> Instructions to follow: The data below should be printed in full, exactly, and without any of its images.

> Data segment:
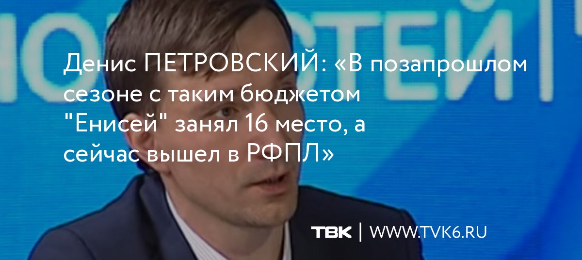 Денис ПЕТРОВСКИЙ: «В позапрошлом сезоне с таким бюджетом "Енисей" занял 16 место, а сейчас вышел в РФПЛ»
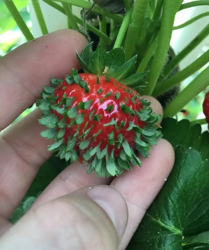 13. เมล็ดสตรอเบอร์รีพวกนี้ที่เริ่มงอกเป็นต้นอ่อน ตอนที่มันยังเป็นผลสุกอยู่บนต้นอยู่เลย
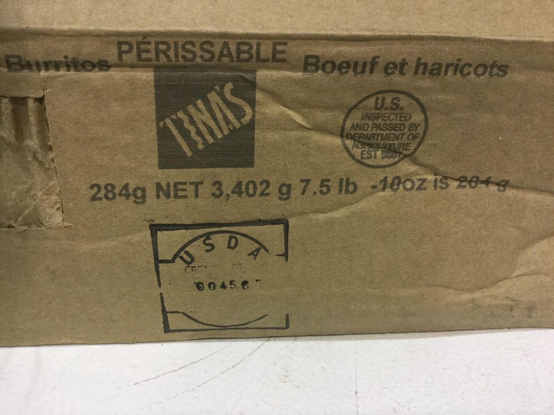 Case of Tina's Beef and Bean Burritos

> Answer space:
 Денис ПЕТРОВСКИЙ: «В позапрошлом сезоне с таким бюджетом "Енисей" занял 16 место, а сейчас вышел в РФПЛ»
 13. เมล็ดสตรอเบอร์รีพวกนี้ที่เริ่มงอกเป็นต้นอ่อน ตอนที่มันยังเป็นผลสุกอยู่บนต้นอยู่เลย
 Case of Tina's Beef and Bean Burritos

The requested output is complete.